The problem with the songs is the lyrics, which almost all feature a generic point of view and “poetic” language that arises not from the characters but, in the pop style, from the songwriter’s conversation with himself. Especially in the lifted numbers, like “All This Time,” they describe action when what you want is the action itself:

All this time the river flowed
In the falling light of a northern sun
Well I had my way, I took a boat from the river
Cos men go crazy in congregations
They only get better one by one. 

Characters thus become their own narrators; everyone is living in the past tense. This is fine in ensemble numbers, which are vigorous, in a stompy sort of way, but unsatisfying dramatically in solos, particularly the big numbers that are meant to mark decisive moments. Everything from the lighting to the musical arrangement to the actors’ tension tells you they are meaningful — everything except the words. There is nothing the talented Michael Esper can do to make Gideon’s eleven o’clock number (“Ghost Story”) play as drama; it’s entirely retrospective. (It’s as if “Defying Gravity” were called “I Recently Defied Gravity.”) The result, with one big exception, is that the principals’ performances fall into a kind of gooey pit from which little very interesting, or even comprehensible, emerges.

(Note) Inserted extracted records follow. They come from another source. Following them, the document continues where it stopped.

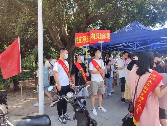 迎新点,等待前来报到的新生。引导志愿者们积极为报到的同学们答疑解惑,帮助办理入学的各项手续,让新同学们感受到了动漫屋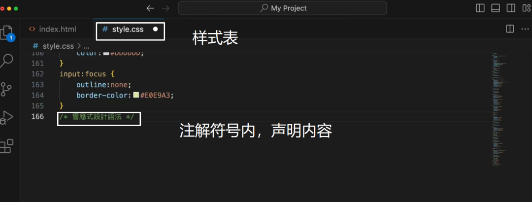 接下来我们一起来看看具体的技术实现。 CSS中有一个“媒体查询”的语法,媒体查询(Media Queries)是响应式设计的核心技术,属于 CSS3 规范。其本质是为不同设备或特性设置特定的 CSS 样式规则,让网页根据屏幕宽度、分辨率、朝向等条件动态调整布局。 实操讲解: 1.首先在CSS样式表底部,同时按下"ctrl"+"/"键,插入注解符号,声明以下为响应式设计的语法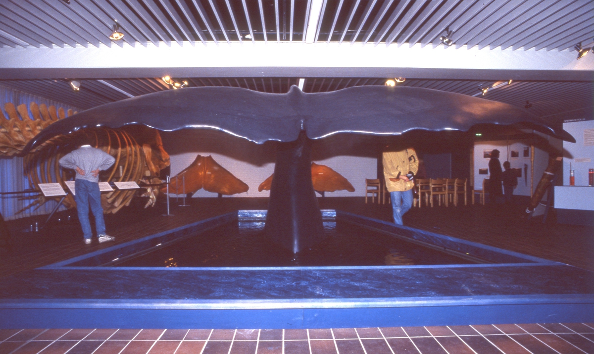 'Avgjutningen av kaskelotstjärt sedd rakt bakifrån. I bakgrunden kaskelotskelett och modeller av valstjärtar. Besökare i utställningen. Bord och stolar, utställningsskärm till höger. :: :: Ingår i serie med fotonr. 6668:1-10 med foton från Kaskelotutställningen.'

The exception is more remarkable for being completely unlikely. In précis, The Last Ship is a very manly tale and is cast and staged as such. No pretty boys here. It would completely fail the Bechdel test: The women have nothing on their minds except the menfolk. But because the allegorical superstructure basically collapses, and because both Gideon and Arthur are little more than talking points, The Last Ship surprisingly turns out to be a woman’s story, and the Belfast-born* actress Rachel Tucker (a West End Elphaba) can sell it as such. Even though she must sustain the flimsy premise of her choice for what feels like years, she maintains credible doubt by sheer force of will and ingenuity. She’s excellent. 

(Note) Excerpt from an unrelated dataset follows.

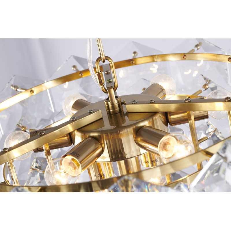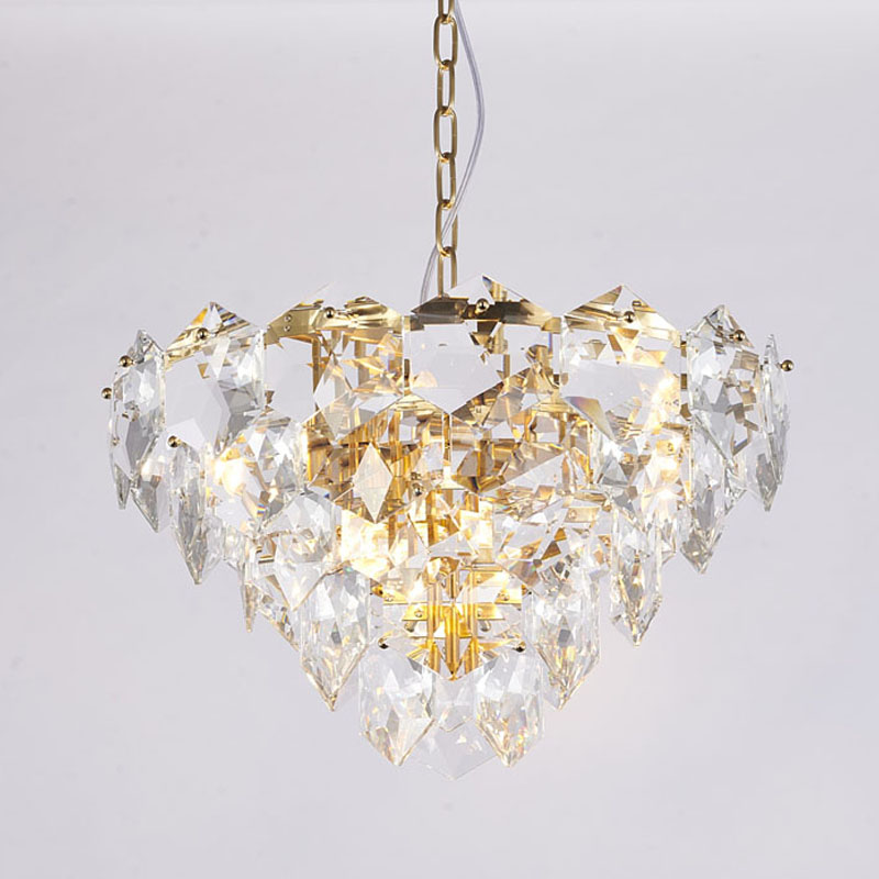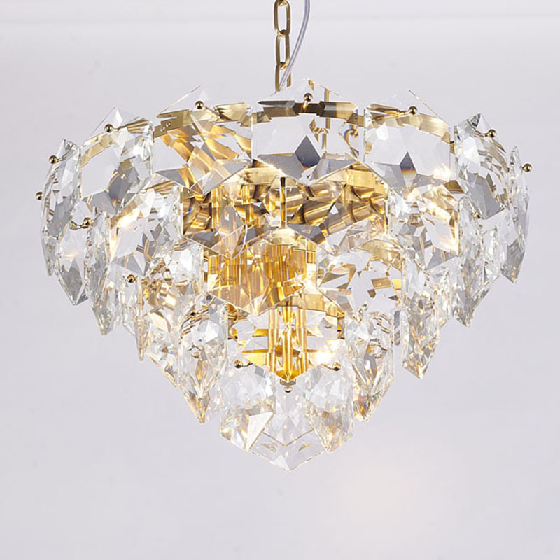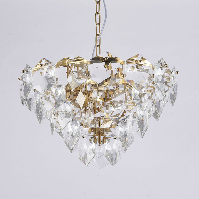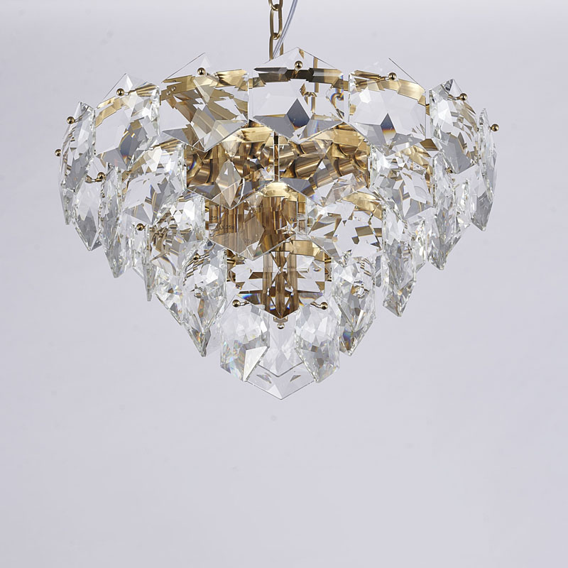 A GOLD FRAME CHANDELIER WITH CLEAR HANGING CRYSTALS

All that said, Sting’s first Broadway score is more promising than most pop songwriters’ legit-theater debuts, even those that may turn out to be more commercially successful. And I hope he writes more for the stage. On the other hand, he shouldn’t feel Broadway is some sort of esthetic Everest he must climb because it’s there. Is not a pop pearl like “Roxanne” enough? As the angry young coal miner in that Monty Python sketch told his toff playwright dad, “One day you’ll learn there’s more to life than culture.”

The Last Ship is at the Neil Simon Theatre.

*This post has been corrected. Tucker is from Northern Ireland.